Although watching DJs bob on webcams is now a multi-million pound industry for youth 'platforms' and drinks brands (if not the DJs themselves), we're unused to seeing people from the techno realm that O'Connor usually inhabits as performers. And while he's done his shift on the Boiler Rooms of this world, this is something very different – why turn up for a few cans of warm Red Stripe when you can descend on an ancient Greek theatre in order to indulge your much-frustrated inner goth pop star? It's long struck me that frustrated goth pop star is very much what O'Connor is. It's as if his frequent habit of taking the piss out of techno, the genre in which he made his name, has as much to do with his own disquiet at where his creative path has led him as it does with a cheeky desire to wind up the 4/4 bros. Well, you couldn't end up with a much more preposterous yet brilliant realisation of these ambitions than Let The Night Return.

The film opens with a wide angle shot of distant mountains silhouetted agains the sky beyond the theatre. There are shots of musical gear, flight cases stencilled 'BIRMINGHAM ENGLAND', a nice demonstration of Regis' regional pride. Bugs and cats crawl across the ancient stones. Tree branches and leaves glow around the edge of wide angle shot. O'Connor prowls dressed in a flowery shirt and a well-cut jacket, hitting a guitar, creating the sort of unearthly hum Einstürzende Neubauten like to make before they start grinding up through the gears. But instead of noise, he starts to play the organ melody from Lou Reed's 'Temporary Thing', He flaps his hand on his heart a lot as he coaxes that trademark O'Connor mechanical yet gristly rattle from his gear. It's absolutely banging, partly in the vein of his long-standing British Murder Boys collaboration with Tony Surgeon, but with that heaviness combined with a grittier post punk edge. This is especially pronounced as O'Connor starts yelling enigmatic slogans into a mic – “give me a reason”, “silence is golden / I've been struck dumb”, and similar. As it continues, rhythms becoming heavier and heavier, O'Connor strides around with an antsy energy, as if he's working out what his limbs can do after years of being stuck behind vinyl decks or DJ laptop. It ends via abstract samples of rattles and choral vocals before that refrain from 'Temporary Thing' becomes a full and rather affecting cover of the song, O'Connor charging around the middle of the amphitheatre brandishing the microphone stand, tying himself up with the lead, and other such rock & roll antics.

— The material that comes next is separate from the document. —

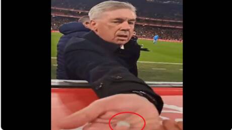 مشجع مغربي يفاجئ أنشيلوتي بطلب غريب في مباراة ريال مدريد وبلباو (فيديو)
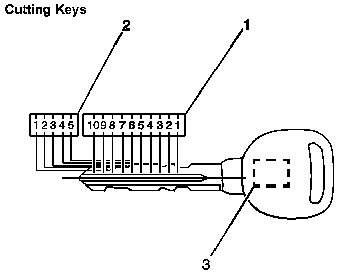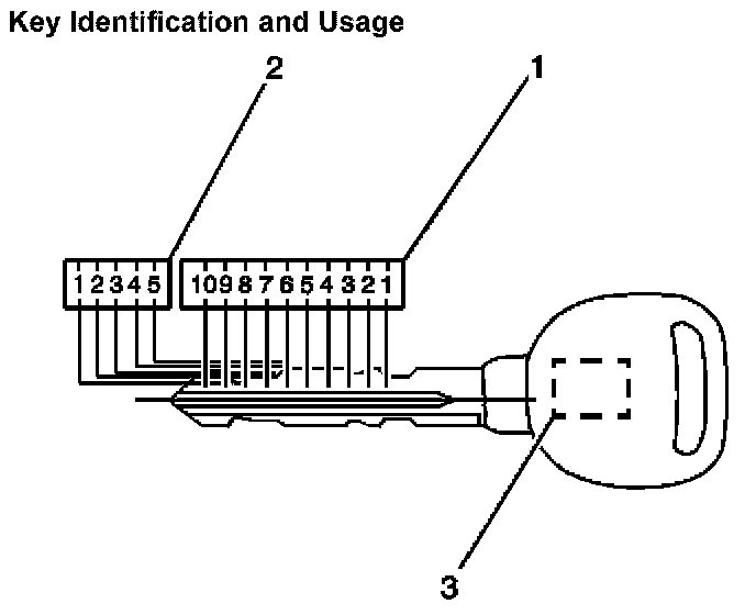 The key code can be obtained from the five-digit number on the key tag that accompanies the original master and valet keys. The five-digit key code cross references to the cut and tumbler sequence. The keys have 10 key cut positions (1) and five key cut depths (2). Key cut positions are numbered 1-10, counting from the head of the key to the tip. The key cut depths are 1-5, cut depth number 1 is the deepest cut. The key transponder (3) in the master and valet key must be programmed to the vehicle. Refer to Programming Theft Deterrent System Components.

It's telling that you could put this on and not look at the footage, and the result would still be a really solid Regis album – that's he's sticking it out as a film only is an act of pleasing bravura.

To turn up in a 2,360-year-old theatre to be filmed prancing around like you're simultaneously auditioning to replace Nick Cave in The Birthday Party and the lead role in a Marc Almond biopic could be an act of ridiculous hubris and gargantuan folly, a mid-life crisis, an Ozymandius on the digital shelves of the Boomkat emporium. Yet this works because O'Connor has long embraced a sense of the absurd in his work, teasing with simultaneous self-deprecation and aggrandisement – an aesthetic ideal that I fear is being lost in our overly sincere and earnest age. Let The Night Return is a suave, entertaining trip of a film, a modern Pink Floyd's Live At Pompeii that unites the saucy chemical generations, slightly ridiculous but utterly unique.